Quel lyrisme ! Que c'est beau ! Quelle tendresse ! J'ai avalé ces lignes. J'ai retenu ma colère. Celle-ci apaisée, j'ai relu avec délectation, ironie pour mieux appréhender le style de l'écrivain en phase avec la situation. Mais loin de tomber dans le piège du sommeil total, je fus au contraire inondé de mépris et de dédain.
Le précédent numéro de JourPoste relatait la convention des cadres de la Banque Postale en « désertion » à St Malo. Pour eux, pas de yoga... mais un rallye en 2CV. Les résultats 2015 pourraient les entraîner à la hausse vers des 4L ou à la baisse vers une brouette. Je ne parviens pas à accepter l'existence de telles méthodes d'asservissement de l'être humain.
Quel mépris envers la grande masse des postiers contraints de subir au quotidien des mesures drastiques, des pressions, des remarques désobligeantes, des restructurations qui altèrent leurs vies professionnelles et familiales !
Nos cadres n'auraient-ils pas besoin de formation sérieuse dans leurs domaines de compétence et surtout dans la gestion du personnel ? Leurs carences, sur ce dernier point, sont patentes et probablement entretenues par la hiérarchie.
N'ont-ils pas honte sur la photo ? Pourquoi se cachent-ils le visage de manière à ne pas être distingués ? Ce mouvement de yoga est vraiment approprié ! Qui a refusé le jeu de cette pratique sectaire ? Un jour viendra où du Viaduc de Millau, l'ordre leur sera donné de sauter. Malgré tout, j'ose espérer qu'ils seront pourvus d'un élastique.
Je suggère à tous les postiers d'appliquer à la lettre la « sieste flash » préconisée lors de cette convention pour mieux, comme le souligne, le cadre dont je tairai le nom, « prendre conscience de mon corps progressivement, ça m'a complètement détendu. Les ateliers permettent aussi de se découvrir en collectif et de briser la glace avec des collègues ».
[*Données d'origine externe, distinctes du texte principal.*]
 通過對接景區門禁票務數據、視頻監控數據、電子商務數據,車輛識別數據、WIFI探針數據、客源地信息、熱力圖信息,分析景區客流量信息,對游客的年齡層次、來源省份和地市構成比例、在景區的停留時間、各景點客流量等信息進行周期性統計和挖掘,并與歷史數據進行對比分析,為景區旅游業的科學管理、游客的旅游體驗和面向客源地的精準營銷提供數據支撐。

« A renouveler », conclut-il avec enthousiasme. La glace a-t-elle vraiment été brisée, lors de ce « zen, soyons zen » ? La narratrice envoutée ne l'affirme pas. Sur la photo, cela ne transpire pas. Je lis plutôt l'anxiété, la contrainte, la soumission, la peur de l'affirmation de soi.
Mais peut-être a-t-elle été brisée sur les tapis à l'horizontale. Et là, je crains le pire... d'autant que la parité est loin d'être respectée. Mais après tout... détendons-nous !
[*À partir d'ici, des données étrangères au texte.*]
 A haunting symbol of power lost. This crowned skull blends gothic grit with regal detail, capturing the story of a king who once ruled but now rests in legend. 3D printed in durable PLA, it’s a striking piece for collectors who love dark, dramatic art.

Pourquoi m'insurger devant un tel déferlement de « bien-être »? Parce que La Poste par ailleurs renâcle au bien être de la quasi-totalité des agents. Elle déploie son énergie à rechercher des gains de productivité. Les conventions, les évasions, les restaurants, les récompenses, les gratifications, réservés à une caste, sont-ils sources de gain en retour ou plutôt une forme sectaire de gestion des cadres ?
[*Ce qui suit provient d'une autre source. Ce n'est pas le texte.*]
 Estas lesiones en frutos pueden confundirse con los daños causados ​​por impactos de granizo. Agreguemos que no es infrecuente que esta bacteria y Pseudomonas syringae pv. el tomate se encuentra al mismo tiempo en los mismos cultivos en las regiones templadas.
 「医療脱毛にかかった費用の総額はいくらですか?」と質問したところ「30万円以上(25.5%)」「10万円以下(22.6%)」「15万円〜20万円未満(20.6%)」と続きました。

Les initiateurs de cet « art » sont à plaindre. Sous cape, ils doivent se gausser de la stupidité, du manque de personnalité de leurs subalternes collaborateurs.
Accepter cela, c'est violer sa dignité.
La soumission engendre le mal être.
Le bien-être au travail ? Un euphémisme.
Pour tenter de l'approcher, il convient de ne jamais abandonner le combat.